Now, we will formally decompose the time series into its trend, seasonal, and residual components using `statsmodels`.

In [None]:
# 3.1 Perform Seasonal Decomposition
#    Use `statsmodels.tsa.seasonal.seasonal_decompose`.
#    Consider the `model` argument: 'additive' vs 'multiplicative'.
#    - **Explain the difference between additive and multiplicative models and when each is appropriate.**
#    - **Choose the appropriate model for your synthetic data and justify your choice.**
#    - Set the `period` argument appropriately for your annual seasonality (e.g., 365 for daily data with annual seasonality).

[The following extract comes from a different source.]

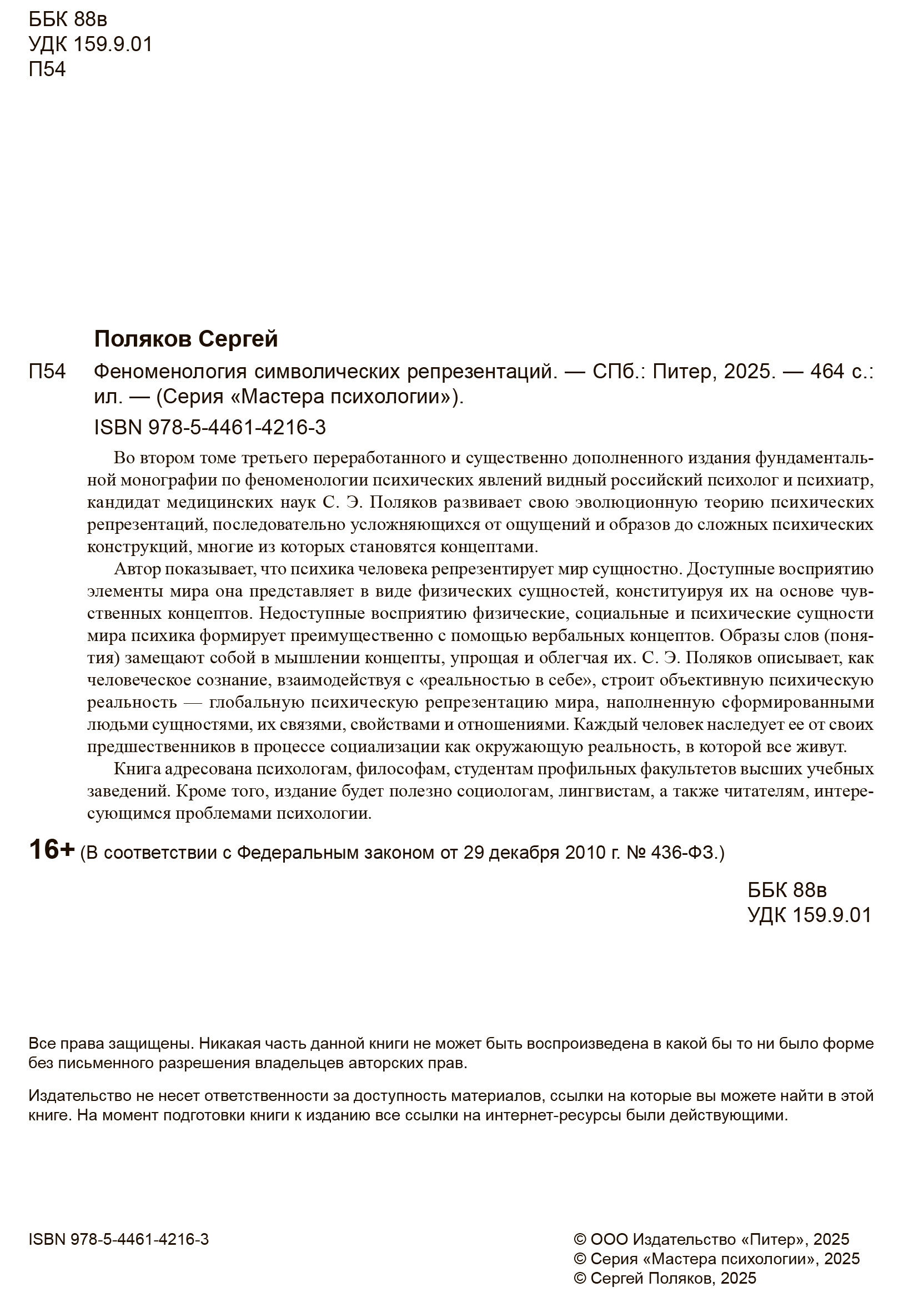 Книга исследует, как сознание конституирует реальность в форме психических конструкций: от чувственных образов к понятиям и категориям, от «фактов» к социальной действительности и, наконец, к особой области — объективной психической реальности (ОПР). Автор возвращает психологию к её подлинному предмету — феноменологии психических репрезентаций.

### Explanation: Additive vs. Multiplicative Decomposition
*(Write your explanation here: when to use additive, when to use multiplicative. Justify your choice for this dataset.)*

decomposition_model = 'additive' # or 'multiplicative', choose based on your explanation
seasonal_period = 365 # or 7 if weekly is dominant, or both in a complex way

print(f"Performing {decomposition_model} decomposition with period={seasonal_period}...")
# TODO: Perform decomposition
# result = seasonal_decompose(ts_data, model=decomposition_model, period=seasonal_period)


# 3.2 Plot the Decomposed Components
#    Use `result.plot()` to visualize the original, trend, seasonal, and residual components.
#    Ensure the plot is clearly displayed.

plt.figure(figsize=(12, 10))
# TODO: Plot the decomposition results
# result.plot()
# plt.suptitle(f"Time Series Decomposition ({decomposition_model} model)", y=1.02)
# plt.tight_layout(rect=[0, 0, 1, 0.98]) # Adjust layout to prevent title overlap
# plt.show()


## Part 4: Interpretation and Reflection (15 points)

Analyze the results of your decomposition and reflect on its implications.

### Your Answers to Reflection Questions:

1.  **Based on the decomposed plots, describe the identified trend, seasonal, and residual components of your synthetic time series. Do they match your expectations from how you generated the data?**

    * **Trend:** _(Your description here)_
    * **Seasonality:** _(Your description here)_
    * **Residuals:** _(Your description here)_

2.  **How would you identify potential outliers or unusual events in a real-world time series using the residual component?**

    _(Your answer here)_

3.  **What are some limitations of this `seasonal_decompose` method (e.g., regarding non-linear trends, multiple seasonalities, or end effects)?**

    _(Your answer here)_

4.  **Suggest two more advanced time series analysis or forecasting techniques that could address some of the limitations mentioned above.**

    * **Technique 1:** _(Name and brief explanation)_
    * **Technique 2:** _(Name and brief explanation)_


## Deliverables:

1.  This completed Jupyter Notebook (`time_series_decomposition_assignment.ipynb`) with all code cells executed and reflection questions answered.
2.  Ensure all plots are clearly visible and well-labeled within the notebook.